Amana Society Forest

One of the things that I like about woodworking is that there are so many different ways to work wood. So if you’re adventurous, you can use hand tools to do almost all the work. Or even take it a step further and go back to the way they worked wood in the 19th century, and use old hand tools!

KnotI spent most of the day in woods outside Middle Amana, Iowa today splitting a six-foot section of veneer-grade white Oak. Man, was that a lot of work. You may remember that last spring, I took a ladderback chair building class at the John C. Campbell Folk School in North Carolina. During the class, we started out with a small quarter section of a red Oak tree and rived it into chair parts. All of the work of felling the tree and splitting it into quarter sections was done by the instructor for the class, Lyle Wheeler. Lyle is a big, burly guy and now I know how he got that way!
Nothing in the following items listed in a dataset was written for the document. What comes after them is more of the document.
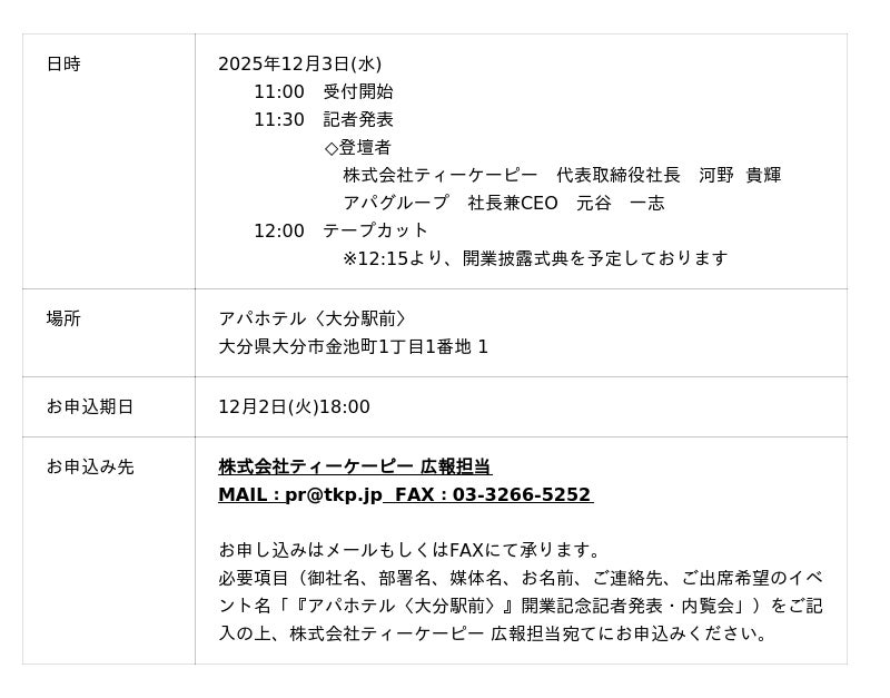 TEL:03-6843-0011 MAIL:pr@tkp.jp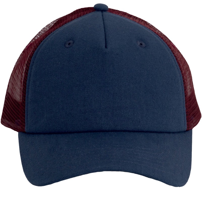 100% coton. Casquette style trucker 5 panneaux. Panneaux avant et visière en coton canvas et maille de filet en polyester. Languette de réglage en plastique.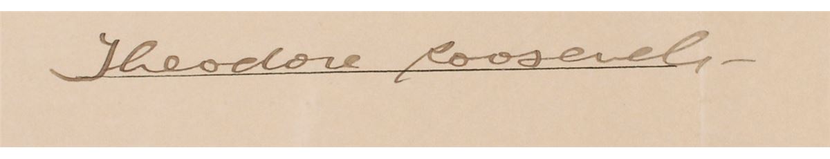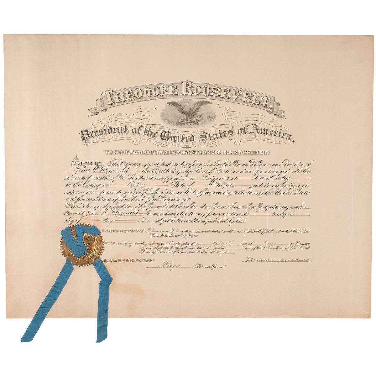 Partly-printed DS as president, one page, 22 x 17, June 13, 1902. President Roosevelt appoints John W. Fitzgerald as “Postmaster at Grand Ledge in the County of Eaton State of Michigan.” Signed at the conclusion by President Roosevelt and countersigned by Postmaster General Henry C. Payne. The gold seal and ribbon affixed to the lower left remain intact. Rolled and in very good condition, with light vertical folds (two passing through letters of the signature), toning to the lower left from the seal and ribbon, and edge dings and creases.

Anyway, I contacted Larry Gnewikow, forester for Amana Society Forestry. Larry manages the largest privately-owned hardwood forest in the state of Iowa and one of the largest in the midwest and he agreed to sell me a 5-6 foot section of white Oak. Larry and forester Tim Krauss were waiting for me at a clearing where they had been logging white Oak for a veneer factory in northeast Iowa. Normally, the factory takes 8-12 foot long logs, but Larry explained that occasionally they’ll find trees with only 5 or 6 feet of veneer-grade trunk that the factory won’t accept. Since that’s all I needed, I took the good stuff and the rest will most likely be sold for pallets. Note the knot about 6 feet up in the photo at left. That’s all it takes to get rejected.

Tim started by surveying the best location to fell the tree. Then he cut a notch on that side of the tree. Next, he removed the taper at the bottom of the trunk so that it wouldn’t roll around when I got ready to split it. Tim knows his work and it took less than 10 minutes (with chips flying everywhere!) for him to drop the tree and have it ready for the skid to pull it out to the clearing.